We should also consider incomplete matching - en-US vs en-Latn-US or en-US-u-ca-buddhist vs en-US.
In language matching API for l10n needs I added matches method which allows to treat missing fields on either side as "catch-all" or "*".
You can read through the steps here to see how it's used: https://github.com/projectfluent/fluent-langneg-rs/blob/master/src/negotiate/mod.rs#L54

The case normalization vs unnormalized API design is mostly against str, but treatment of missing fields is for types as well. (should en-US-x-foo match en-US-x-bar?)

zbraniecki · 2022-03-18T16:43:17Z

To recap - I don't think we need to implement all of them, but I think before 1.0 we should have a good directions on which API compares how so that as the needs arise we can implement the particular methods/traits consistently in shape that we defined and set prior to 1.0.

sffc · 2022-03-19T02:46:52Z

A few considerations:

My reading of the docs is that PartialEq and PartialOrd must be consistent, and if Eq/Ord is implemented, their behavior must be the same as the PartialEq/PartialOrd behavior.
PartialEq and PartialOrd can be implemented across types, but Eq and Ord are only defined on Rhs = Self.

I tend to have a fairly strong preference that the Self comparisons be strict in all cases where possible, because then we can implement Eq and Ord which enables the use of various Rust data structures.

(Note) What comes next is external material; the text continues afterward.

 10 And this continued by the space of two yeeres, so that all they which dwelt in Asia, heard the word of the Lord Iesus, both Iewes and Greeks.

Across types, my preference is not as strong, but I tend to prefer strict comparison where possible. I think we should offer lenient comparison, but I don't think it's what users should get by default if they don't know better. In most API design cases I've come across, "strict by default" usually ends up being the chosen option.

zbraniecki · 2022-03-19T07:29:19Z

When you say strict I assume you mean case strict. Which is reasonable for me since Locale::from("en-US") == Locale::from("eN_us") will result in the same canonicalized locale.

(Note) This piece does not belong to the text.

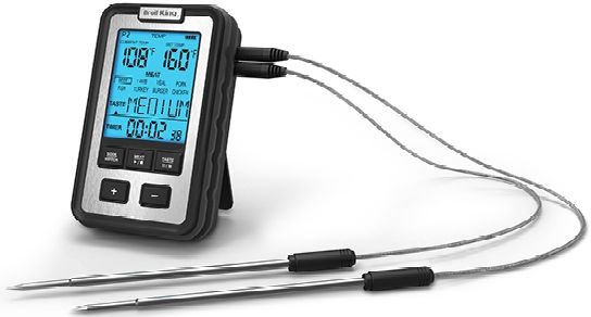 Monitor the whole cookout from outside the grill! Read two temperatures at one time. Monitor two cuts of meat or a roast and the ambient grill temperature. Integrated countdown timer and a wide range of target doneness for each cut of meat or set your own target.Read More
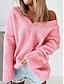 Dames Trui Casual Zacht Heldere kleur Geribd Strakke ronde hals V-hals Gebreid Koude schouder Lange mouw Normale tops breien Buiten Dagelijks Weekend Rood Herfst Winter

Across types, I think in particular for comparing locale against a string, I think we should be lenient (diverge from your position) and Locale::from("en-US") == "eN_uS" should return true because I think most users don't care about canonicalization and they believe that differently cased strings still mean "American English".

On the other axis (how to indicate that und-US and en-US shoudl "match"), I lean toward special methods like match/matches.

sffc · 2022-03-19T15:27:43Z

When you say strict I assume you mean case strict.

What I mean is a comparison that satisfies the properties of a "total order", which implies case sensitive, yes.

How would you feel about just not implementing PartialEq across types and then having two methods users can choose from to make the choice between strict and lenient more explicit?

Here are four reasons I tend to prefer strict comparison by default:

Can be used for binary search and other situations that require it
More efficient and smaller code because we don't need special logic to massage the string into the correct form
More well-defined; leniency can be on many levels, but there is only one way for strict to work. For example, leniency could make en-Latn-US equal any subset of the following depending on how lenient we make it: EN-LATN-US, en_Latn_US, en-US-Latn. On this topic, if we decided to change the leniency in the future, it may be a breaking change in behavior of PartialEq. It would be easier to be able to simply add another version of the lenient comparison function.
What I said earlier about strict-by-default being less surprising.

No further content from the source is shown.